→ Items from a dataset
_ _ _
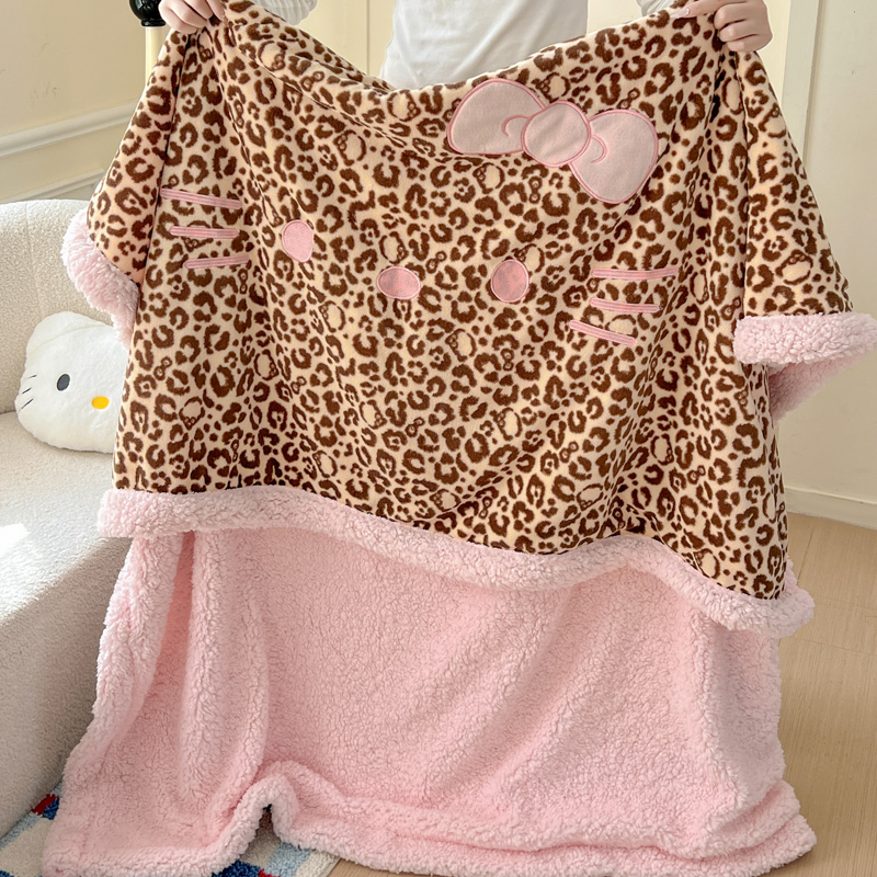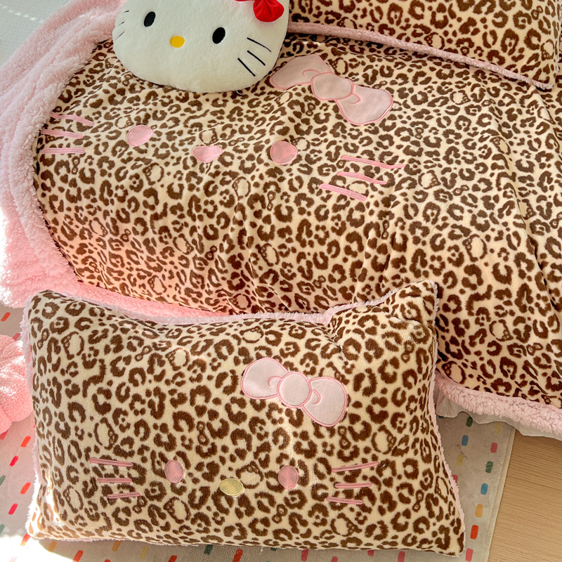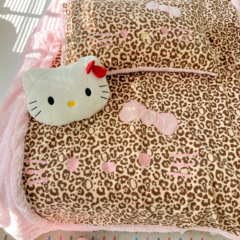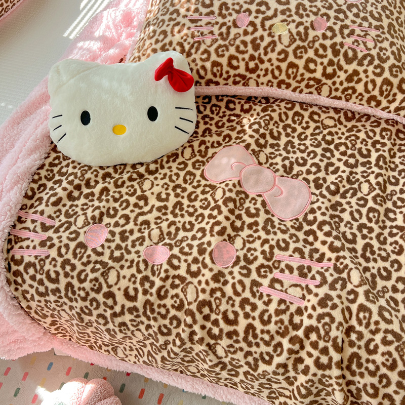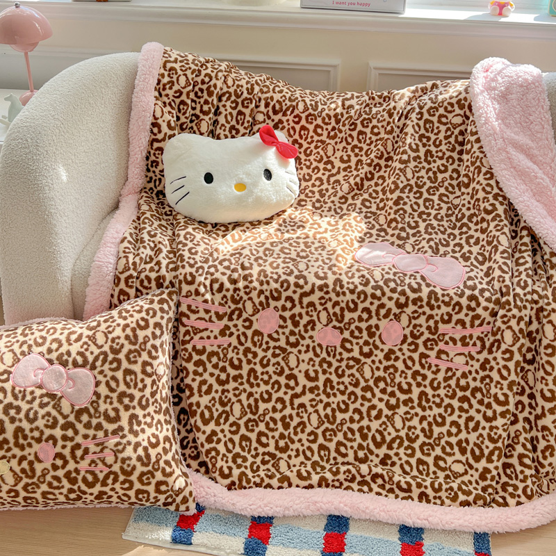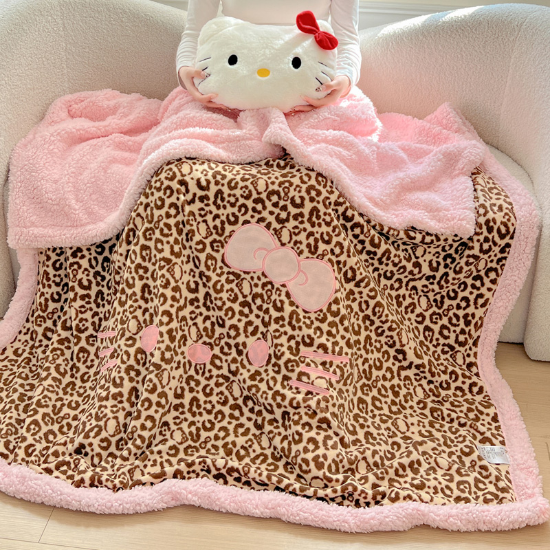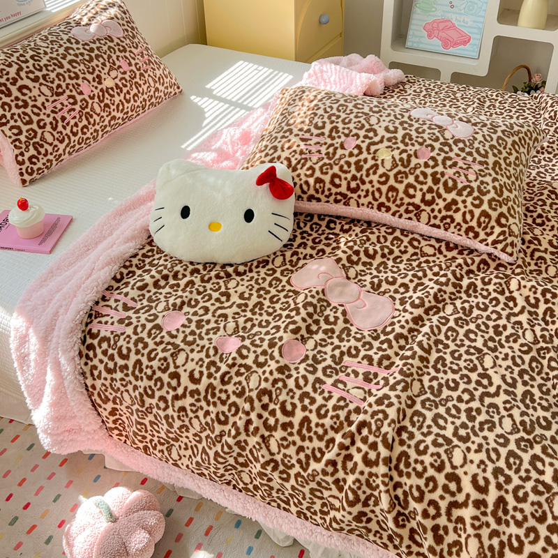 商品名称:繁花家居 2025新款羊羔绒牛奶绒绣花喵喵系列毛毯 表情喵-豹纹
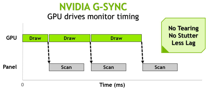 NVIDIA的G-SYNC技術,對於玩家來說只要購買G-SYNC顯示器,並搭配具有G-SYNC技術的GeForce顯示卡(G-SYNC顯卡列表),透過螢幕中所內建的G-SYNC模組,並在設定中啟用G-SYNC,就可開始享受搭配後遊戲順暢感與畫面的高品質。
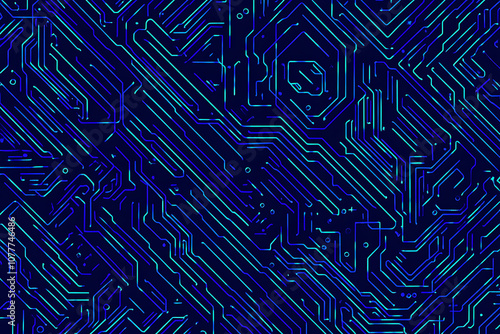 Futuristic vector illustration of a blue circuit board with intricate digital tech elements, perfect for advanced technology backgrounds.
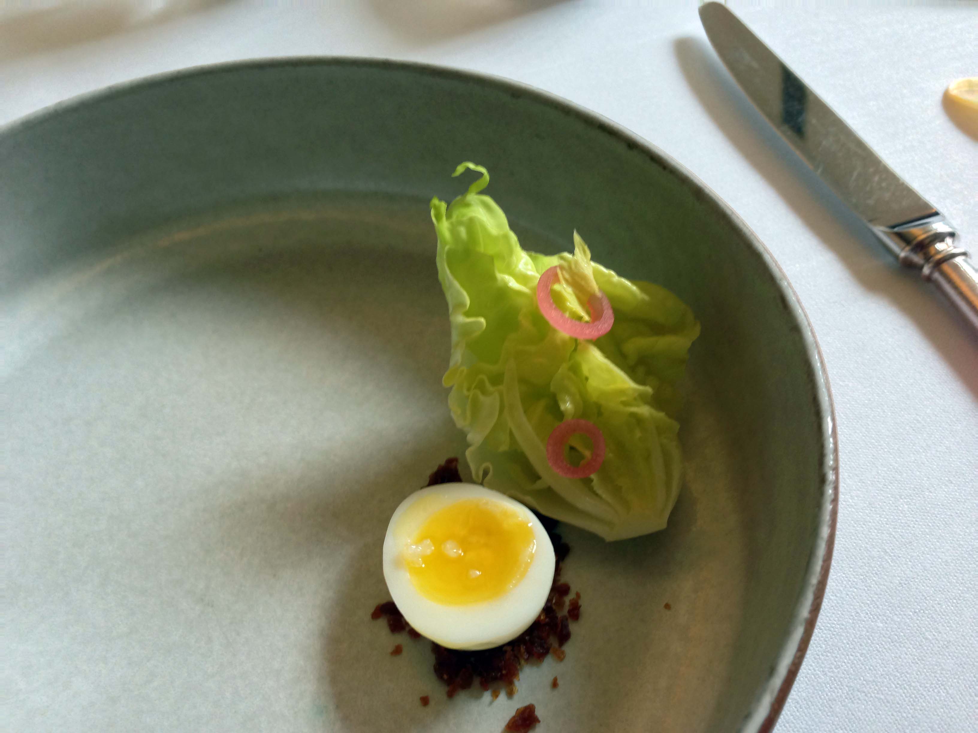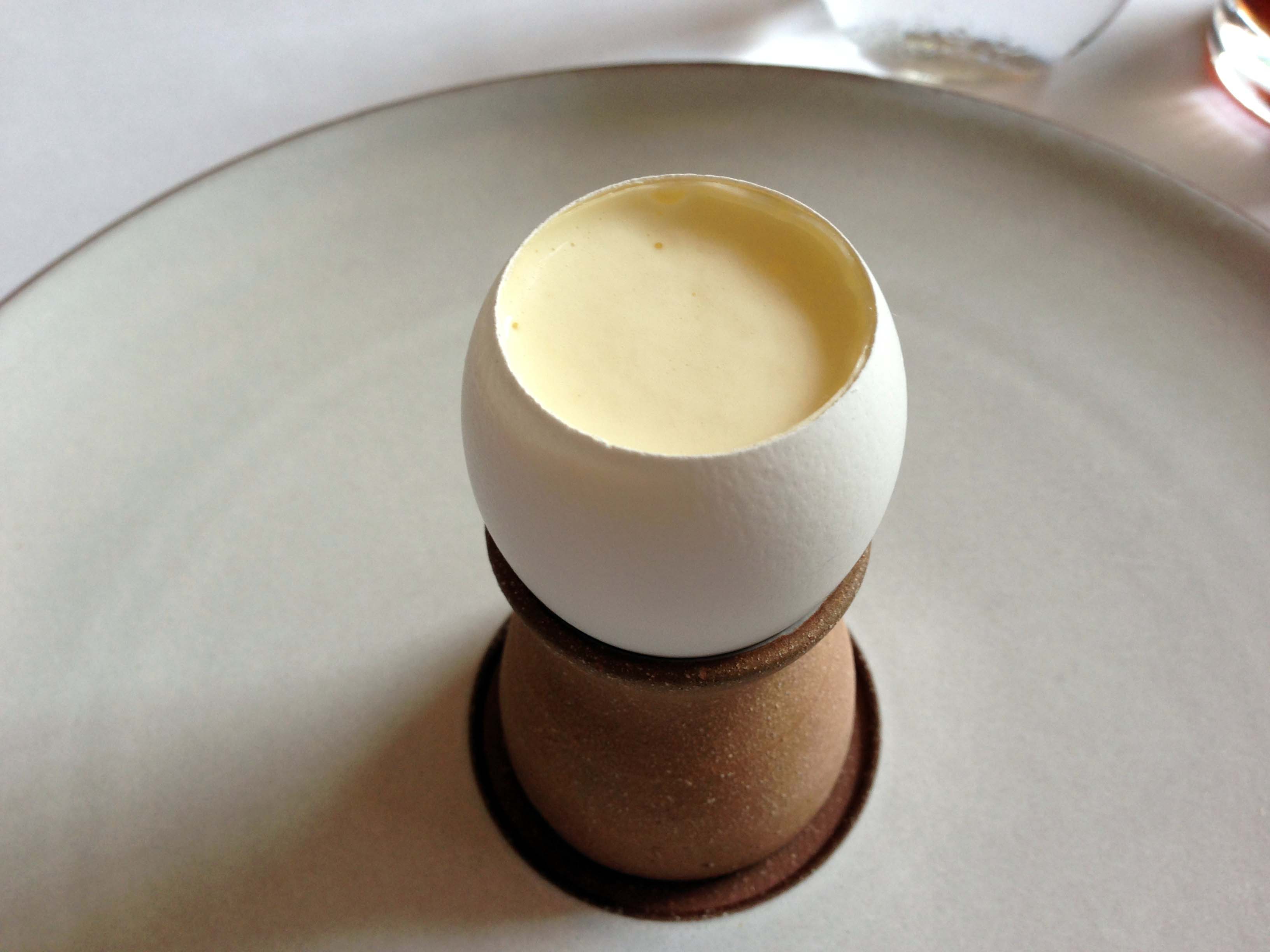 The next dish, the Sturgeon came out. The Sabayon with Chive Oil was my favourite. I actually have now acquired a tool to cut eggs perfectly, as shown below 🙂
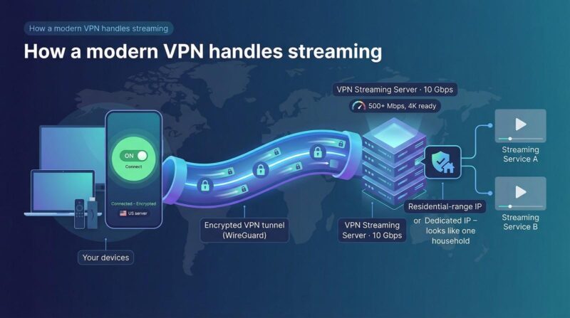 The best services also play a continuous cat-and-mouse game with streaming platforms. The moment Netflix flags an IP, the VPN retires it and rolls out a fresh one from its reserve pool. Dedicated or residential-range IP add-ons go further by giving you an address no one else uses, which looks exactly like a single household every time you sign in.
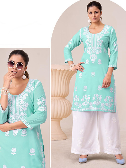 This beautiful palazzo kurti top comes in rayon and is enhanced with elegant work. The designer palazzo bottom comes in premium rayon.
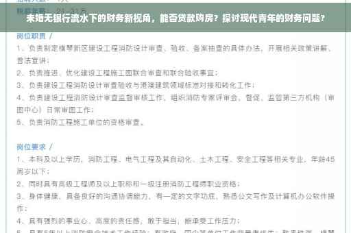 摘要:本文探讨了现代青年的财务新视角,特别是未婚无银行流水的群体是否能贷款购房的问题。文章指出,虽然传统观念中银行流水是贷款的重要条件之一,但现在不少金融机构开始关注其他信用评估方式,为未婚青年提供更多贷款选择。文章提醒未婚青年关注个人财务管理,为未来财务规划打下基础。
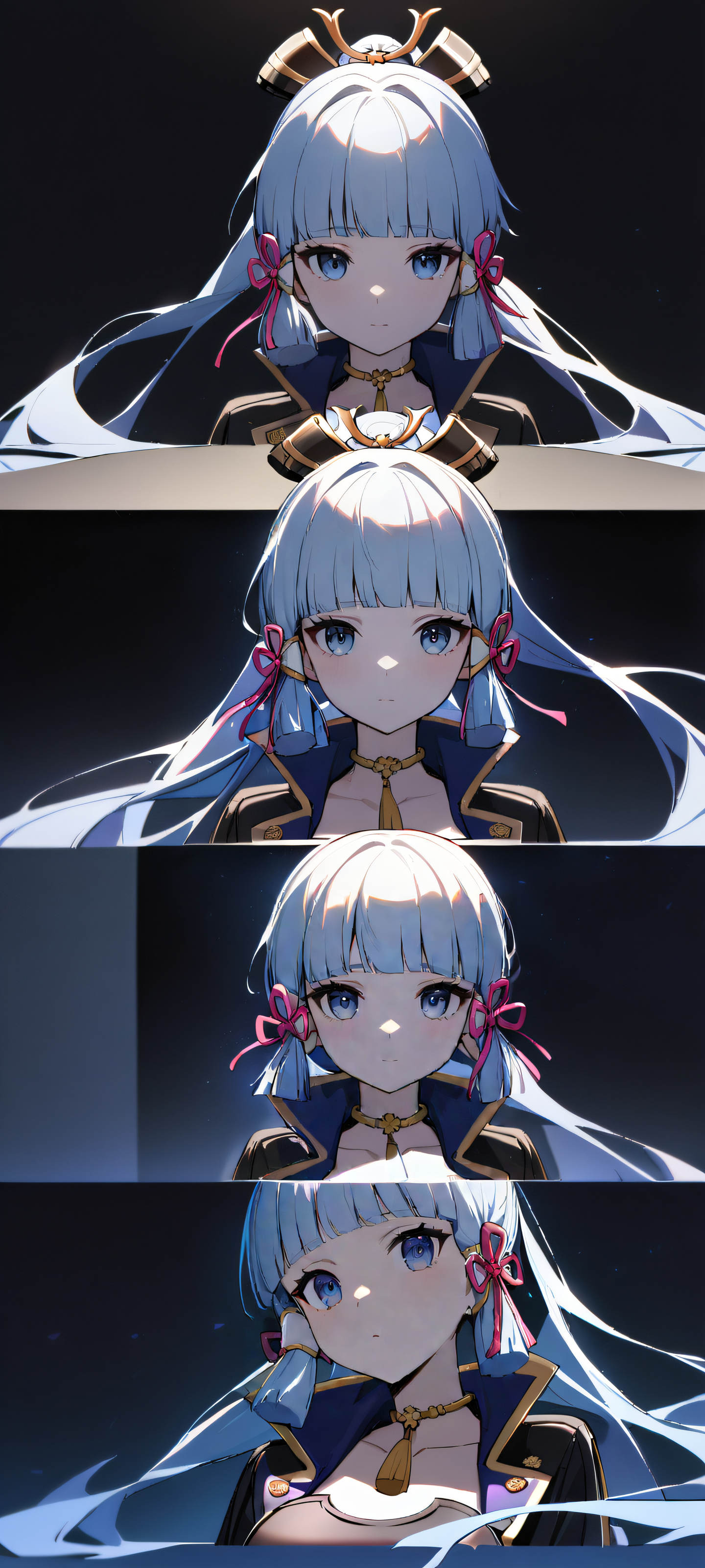 1girl, kamisato ayaka, genshin impact, solo, masterpiece, best quality, very aesthetic, absurdres, highly detailed, looking at viewer, portrait composition, centered subject in the lower middle, perfectly clean and smooth top half for UI, Perfectly clean and empty top half with vast pure void, simple black background, Dominant palette of deep purples, rich browns, and subtle highlights, matching the requested mood, elegant low-key lighting, striking contrast, deep perfect blacks, night scene, glowing lights, dramatic shadows
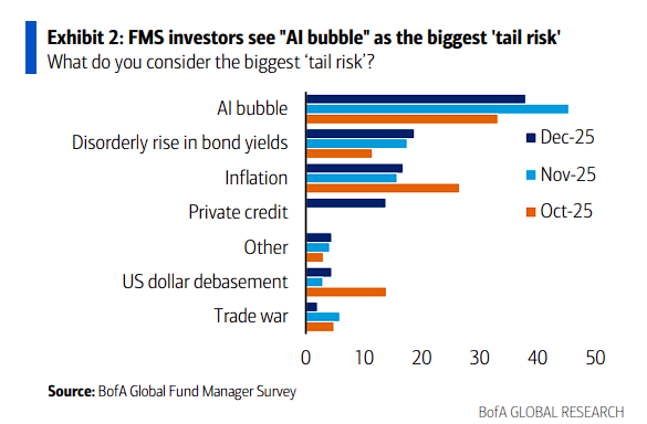 1月21日,据追风交易台消息,美银在最新的研报中称,虽然AI是一场根本性的技术革命,但估值过高和时间周期的不确定性已成为不可忽视的风险。38%的基金经理现在将“AI泡沫”视为最大的尾部风险。
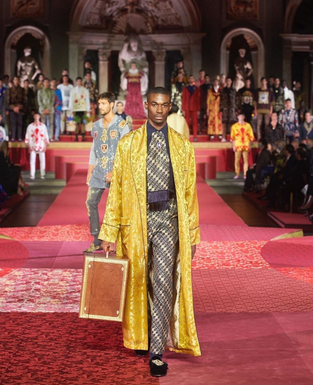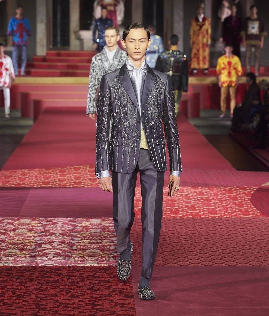 Парчовые халаты, костюмы из шелка и обилие принтов на показе Dolce & Gabbana Alta Sartoria
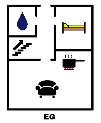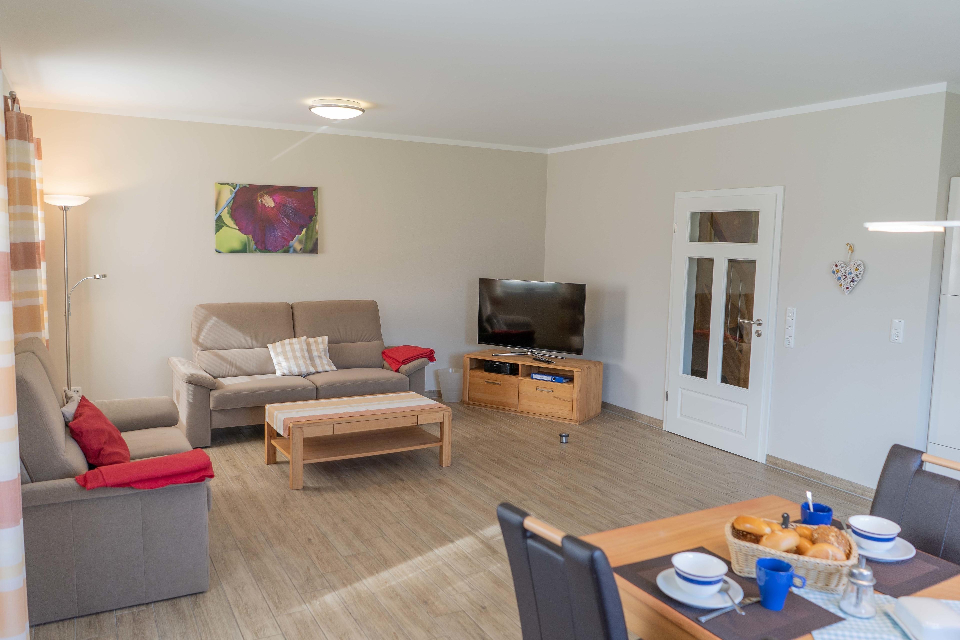 Wohnraum mit Sitzgruppe und Essplatz, WLan, Flachbildfernseher, direkter Zugang zur Südterrasse, voll ausgestattete Küche, Herd mit Ceran-Kochfeld und Backofen, Mikrowelle, Geschirrspüler, Tiefkühlfach, Kaffeemaschine, Wasserkocher, Toaster usw.
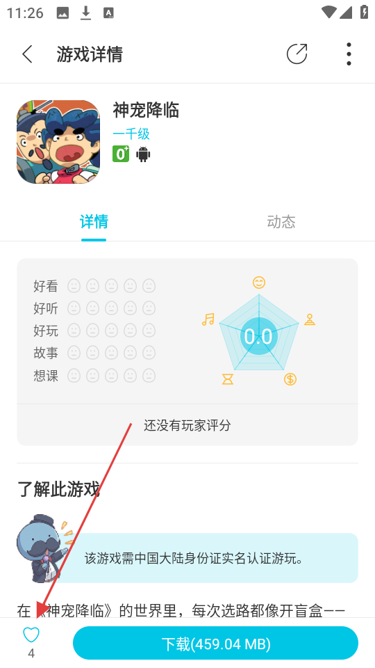 2、进入《神宠降临》详情页后,点击左下角的心形图标,就能关注这款游戏啦。
_ _ _
Instructions for the copy: start at the first entry, stop after the line containing "Futuristic vector illustration", keep every line exact, and drop the pictures.

→ THE ANSWER
 商品名称:繁花家居 2025新款羊羔绒牛奶绒绣花喵喵系列毛毯 表情喵-豹纹
 NVIDIA的G-SYNC技術,對於玩家來說只要購買G-SYNC顯示器,並搭配具有G-SYNC技術的GeForce顯示卡(G-SYNC顯卡列表),透過螢幕中所內建的G-SYNC模組,並在設定中啟用G-SYNC,就可開始享受搭配後遊戲順暢感與畫面的高品質。
 Futuristic vector illustration of a blue circuit board with intricate digital tech elements, perfect for advanced technology backgrounds.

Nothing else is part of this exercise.